Москаленко сочувствующе подмигнул матросику и отправился к капитану за получением инструкций по организации зимовки.
Через сутки «Ставрополь» бросил якорь в бухте острова Идлидля, у самой кромки припая. А еще через два дня открытая вода позади парохода оделась в прочный белый панцирь – «Ставрополь» оказался зажатым во льду, словно крохотная доисторическая мушка в сияющем куске янтаря.
Тщательно проверив все пароходное хозяйство, отревизовав угольные ямы, капитан приказал погасить топки. Он прекрасно понимал, что именно означает его приказ, но никакого другого выхода просто-напросто не было: черный уголь в таких случаях приобретает цену желтого золота. Постепенно температура в кубрике и каютах упала до минус восьми градусов по Цельсию. Понимая, что жить в подобных условиях в общем-то невозможно, капитан принял решение нанести «визит вежливости» береговым чукчам, или, по местному выражению, чавчу. Прихватив с собой в качестве подношения хозяевам острова несколько коробок с патронами и с десяток курительных деревянных трубок, они отправились по льду к берегу острова…

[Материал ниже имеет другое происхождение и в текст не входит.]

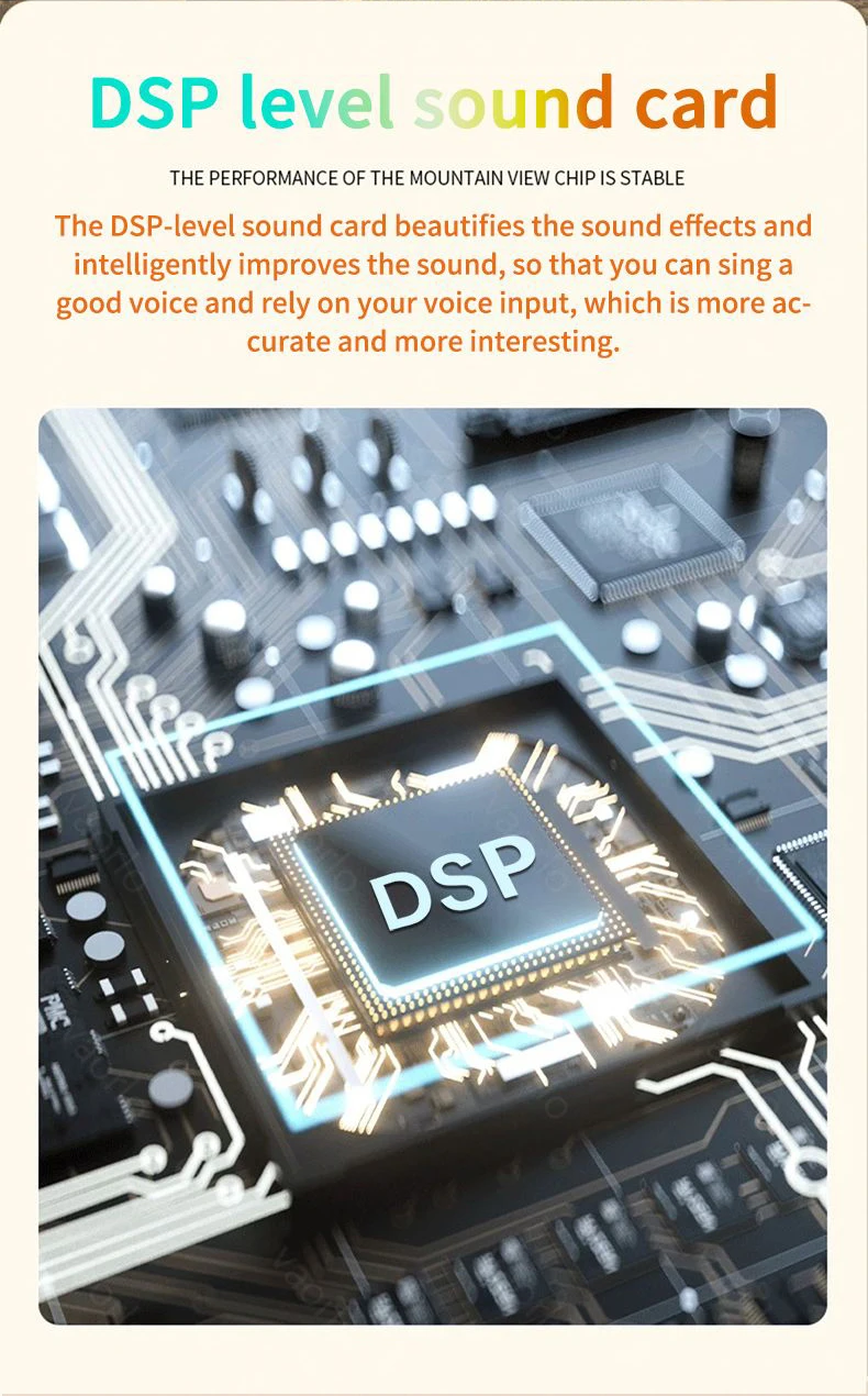 ● Sonido envolvente estéreo HIFI, recupera la experiencia del karaoke, la tarjeta de sonido de nivel DSP embellece los efectos de sonido y mejora el sonido de manera inteligente, para que pueda cantar una buena voz y hacer que su voz sea más realista, hermosa e interesante.

Поселение чавчу оказалось совсем недалеко, закрытое от холодных ветров склоном высокой голой горы. Убогий вид имело это стойбище! Десятка два яранг, чем-то напоминавших гигантские меховые шапки, лежащие прямо на продрогшей земле, чадили небо тонкими вырывающимися через отверстия в крышах струями сизого дыма. Яранги были почему-то разного размера – одни больше, другие меньше, третьи и совсем крохотные. Боцман не замедлил отметить это интересное, на его взгляд, явление:
– Тю, как-то чудно получается!
– Ничего чудного, – возразил капитан. – Все те же законы развития человеческого общества, что и в цивилизованной среде: кто богат – у того и яранга большая, а кто победнее – тот себе подобной роскоши позволить не может.
– Ишь ты! – причмокнул боцман. – А мы, Генрих Иванович, в какую ярангу пойдем?
– В самую большую для начала. К начальству пойдем.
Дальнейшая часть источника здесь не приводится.